Shareholder attorney Stuart Grant said Tyson Foods' board made "no business judgment" when it handed Don Tyson a credit card to cover his travel and entertainment expenses, as part of a consulting contract.



"Boats, booze, women, whatever you need. Enjoy! That's the business judgment they claim to be making," said Grant, a Delaware lawyer who filed the suit.



The Securities and Exchange Commission penalized Tyson Foods and Don Tyson for failing to disclose the compensation arrangements, which have since been changed.



Current Chief Executive Richard Bond and members of the board of directors are also on the roster of defendants in the shareholder lawsuit.



They are accused of standing idle or helping while the Tyson family used Tyson Foods as a "personal piggy bank."

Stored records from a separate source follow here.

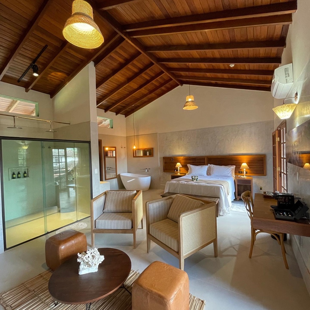 A infraestrutura exclusiva para casais adultos, promove um clima de sossego nas amenidades da piscina, bar e serviço de praia. São apenas 17 suítes para dar mais exclusividade aos hóspedes e um serviço muito atencioso e personalizado. Essa exclusividade permite uma qualidade de tempo única ao lado da pessoa amada. O pacote de estadia para duas pessoas inclui hospedagem na Suíte Hiu, de 70 m², com cama queen-size e varanda privativa. Já a Suíte Royal de 74 m2 conta também com uma ante sala, escritório e amplos armários.
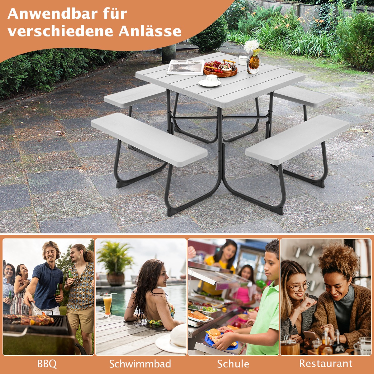 - Ευρεία εφαρμογή: Με ξύλινη εμφάνιση και βελτιωμένη ανθεκτικότητα, το σταθερό τραπέζι πικνίκ ενσωματώνεται άψογα σε κάθε εξωτερικό περιβάλλον, όπως ο κήπος, η αυλή, η περιοχή της πισίνας. Επιπλέον, οι λείες στρογγυλεμένες γωνίες του αποτρέπουν τυχαία χτυπήματα.
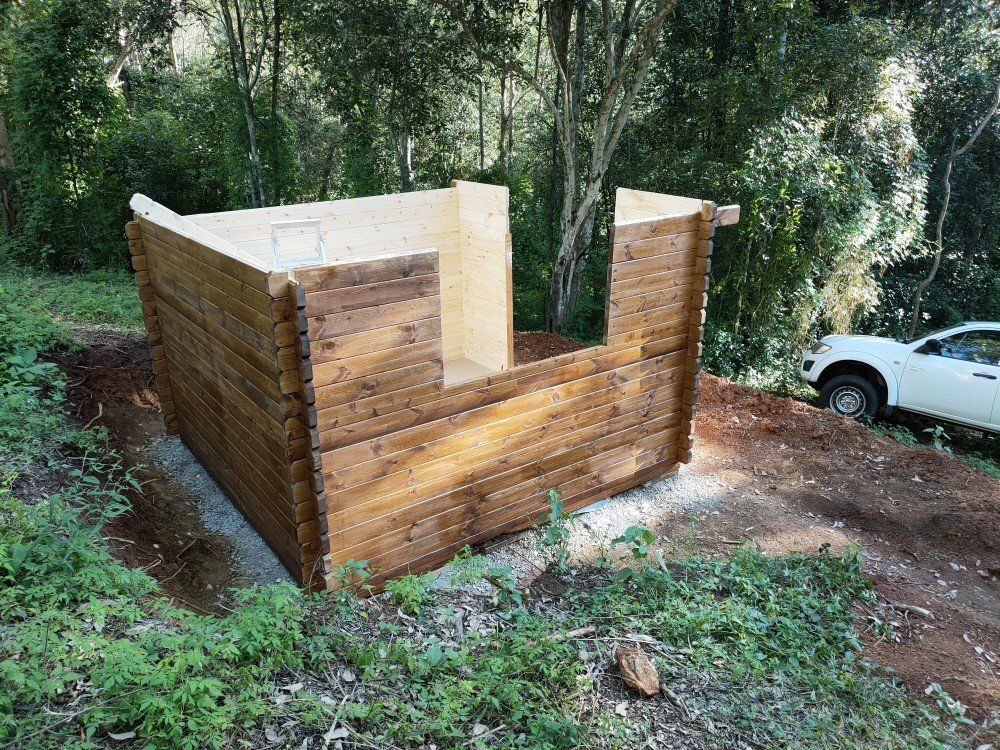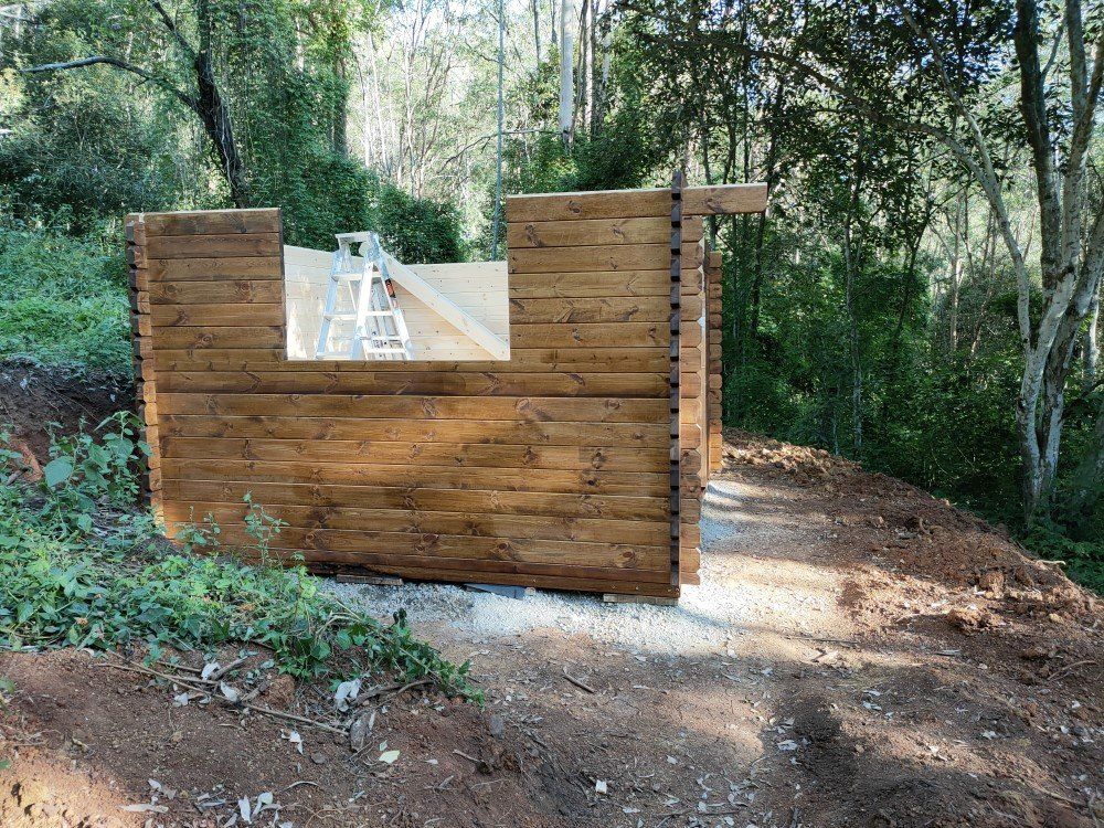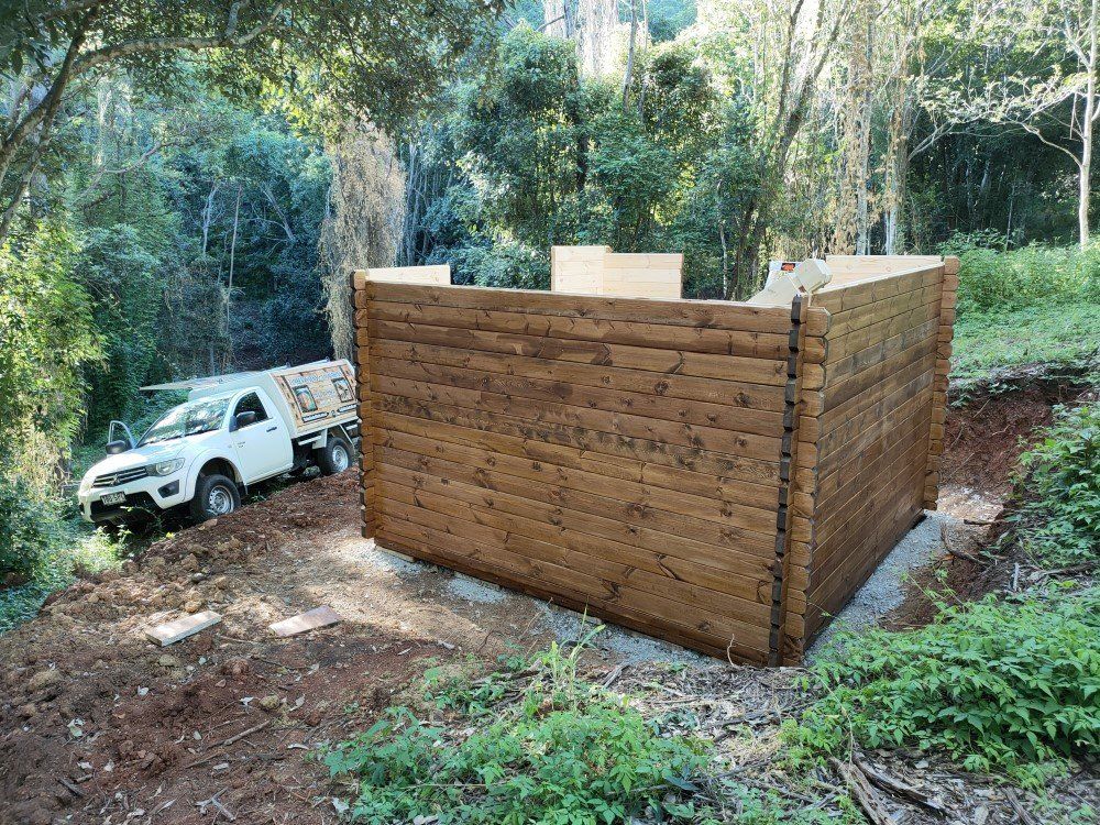 Alexa and Mitch started their log cabin journey with a hilly bush block, a stunningly beautiful property close to Brisbane, but still miles away from the hustle and bustle of any densely populated area.
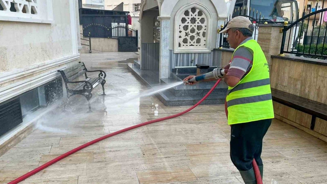 Caminin iç ve dış mekanlarında gerçekleştirilen temizlik çalışmaları kapsamında cami avluları ve abdesthaneler temizleniyor; mihrap, minber ve kürsü gibi alanlar dezenfekte ediliyor.
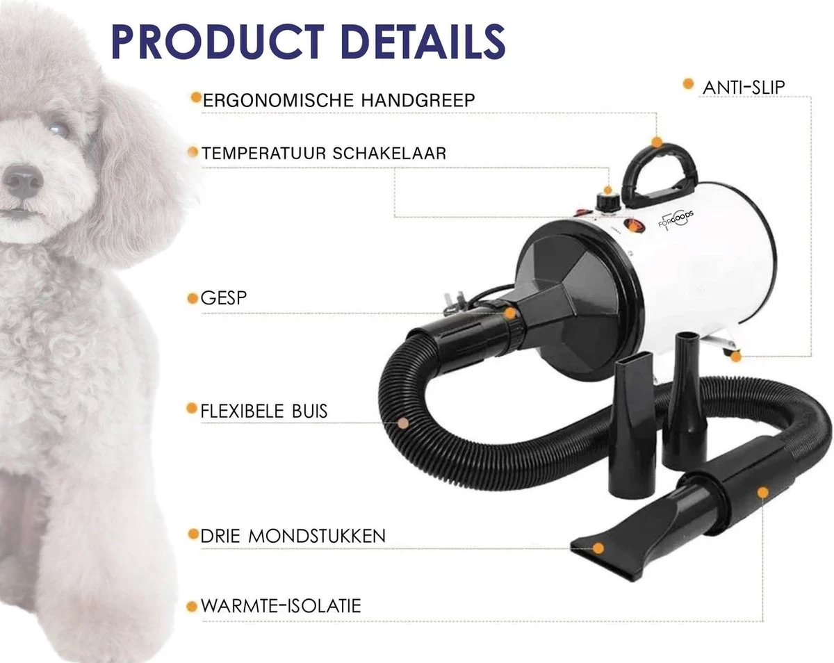 Bovendien is deze droger met 3 opzetstukken geschikt voor het drogen van verschillende vachtsoorten.

Corporate governance critics suspect the Tyson family has used its majority voting power to steer side deals with Tyson Foods their way in transactions involving everything from waste-water treatment to chicken-breeding research. Those deals put $163 million into the pockets of Tyson family members over a seven-year period, according to the complaint.



The lawsuit also challenges a series of fortuitously timed stock option grants that shareholders say amount to a new form of insider trading, as well as allegedly lush consulting contracts.

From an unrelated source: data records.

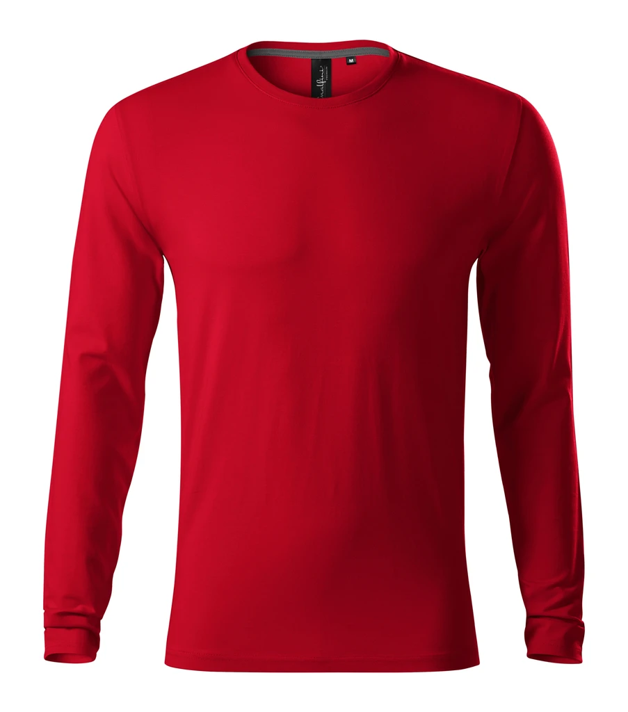 Dlouhý rukáv, triko skvěle drží tvar díky přídavku 5% elastanu, přiléhavý střih s bočními švy, úzký lem průkrčníku z žebrového úpletu 1:1 s 5% elastanu, zpevnění ramenních švů páskou, vnitřní část průkrčníku začištěna kontrastní páskou.
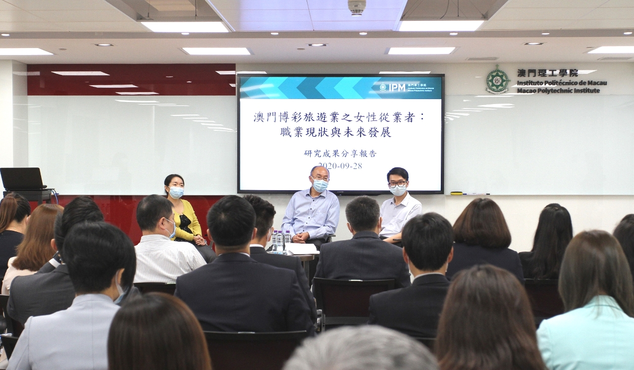 O Centro Pedagógico e Científico nas Áreas do Jogo e do Turismo do Instituto Politécnico de Macau (CJT-IPM) organizou, no dia 28 de Setembro, um salão académico com o tema de "Empregadas nos Sectores do Jogo e do Turismo de Macau: Circunstância Profissional Actual e Desenvolvimento Futuro". Este salão académico foi presidido pelos Professor Adjunto Zhou Jin Quan, a Assistente Liu Shuang e o Assistente Tang Chi Chong do CJT, que, tendo como ponto de partida diferentes abordagens, realizaram investigações e discussões profundas sobre o desenvolvimento profissional das empregadas nos sectores do jogo e do turismo em Macau.
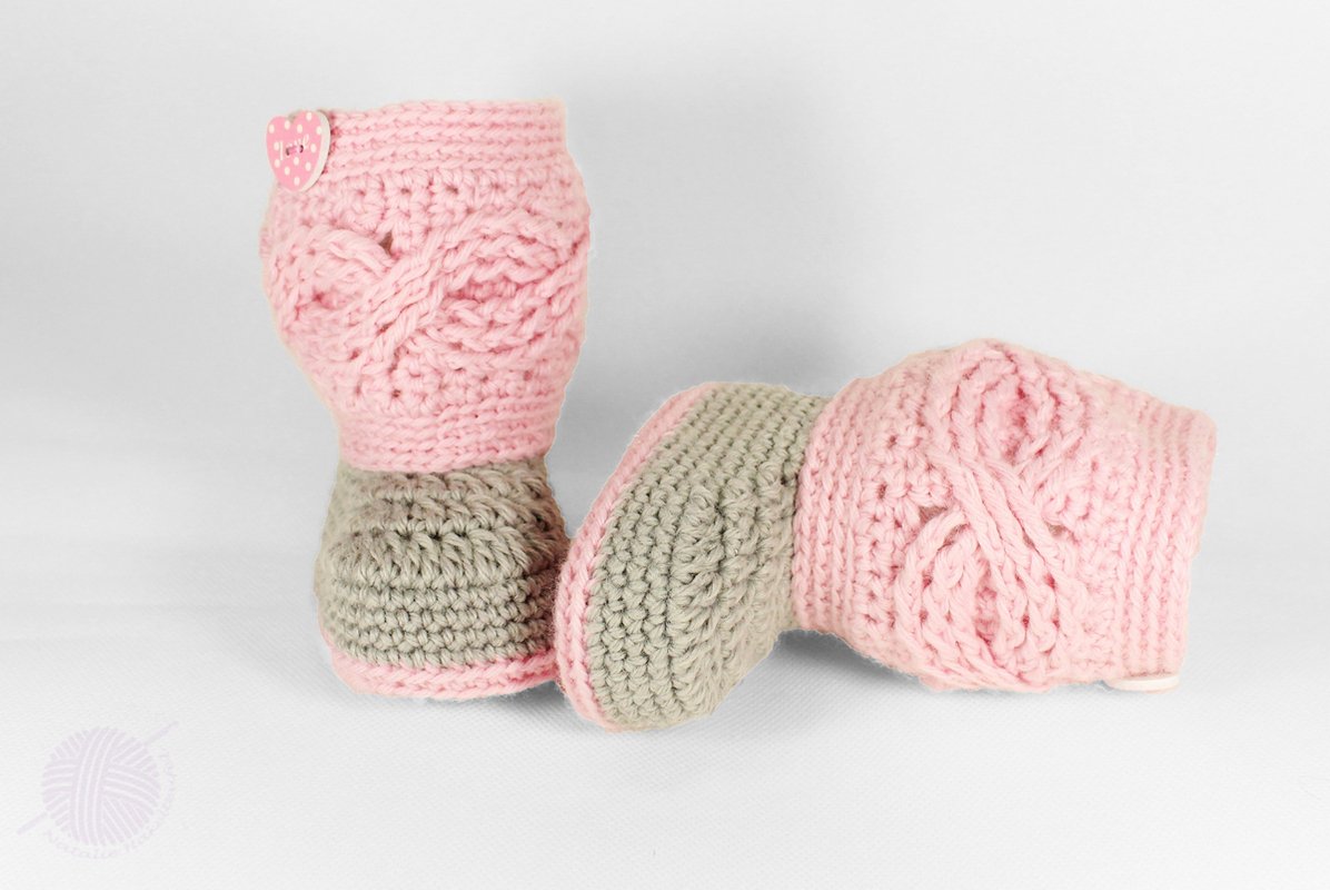 Diese PDF-Häkelanleitung besteht aus bebilderter Anleitung zum Häkeln von Babystiefel mit einem Zopfmuster.
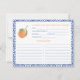 Recipe card design adorned with a simple hand painted orange with green leaves, against an antique blue white text accents to match my bridal shower invitation designs in the same colorway.
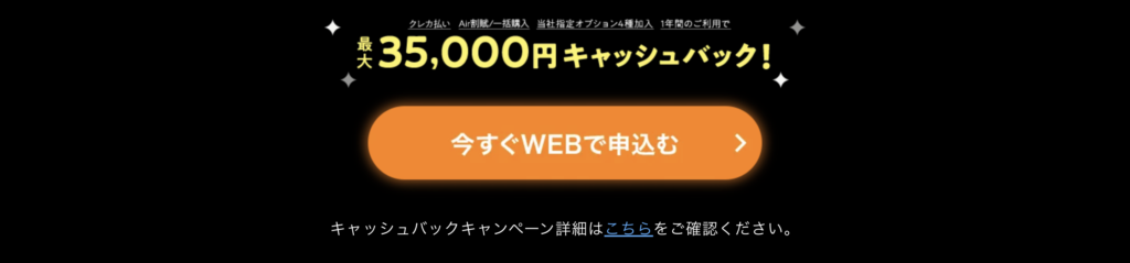 | 特典 | 最大35,000円の現金キャッシュバック |

Much of the attention at Wednesday's hearing focused on the allegations about stock option grants in 1999 and 2001, grants shareholders said were timed to make sure profits hooked to information known only to those at the top wind up in the pockets of executives.



"Spring-loading is the term that's used," shareholder attorney Grant said. The term describes the practice of issuing options at a time when the board that approves them knows good news is on the way that will drive the stock price up.



Executives who get the options can exercise them at a strike price that was set by a market unaware information is about to be released that will lift the share price. Shareholders say spring-loading is a way for insiders to capitalize on material inside information, and a breach of fiduciary duty. "The question is, is Delaware going to tolerate it or not?" Grant said. Tyson Foods defense attorney Graham said the option grants were reasonable compensation and within the authority of the board.



It was a point that drew intense questioning from Chancellor Chandler. The top judge of Delaware's corporate law tribunal focused on the purpose behind Tyson Foods' stock option plan.



Were the stock options just a form of compensation, the judge asked, or were they designed to promote better performance by executives?



Either way, Graham said, Tyson Foods' decisions on how to pay executives are protected by the business judgment rule.



Shareholder attorney Grant said Tyson Foods' board abandoned its duty in failing to rein in the ruling family.



"Tyson Foods is all about pigs and chickens, and they also happen to raise swine and poultry," Grant said. "We can't let the chickens claim business judgment when the pigs come to feed at the trough."



-By Peg Brickley, Dow Jones Newswires



online.wsj.com
 

Mike

Well-known member
This judges' decision could have big implications on the corporate world in the USA. It will be interesting to see if it goes to trial and the outcome if it does.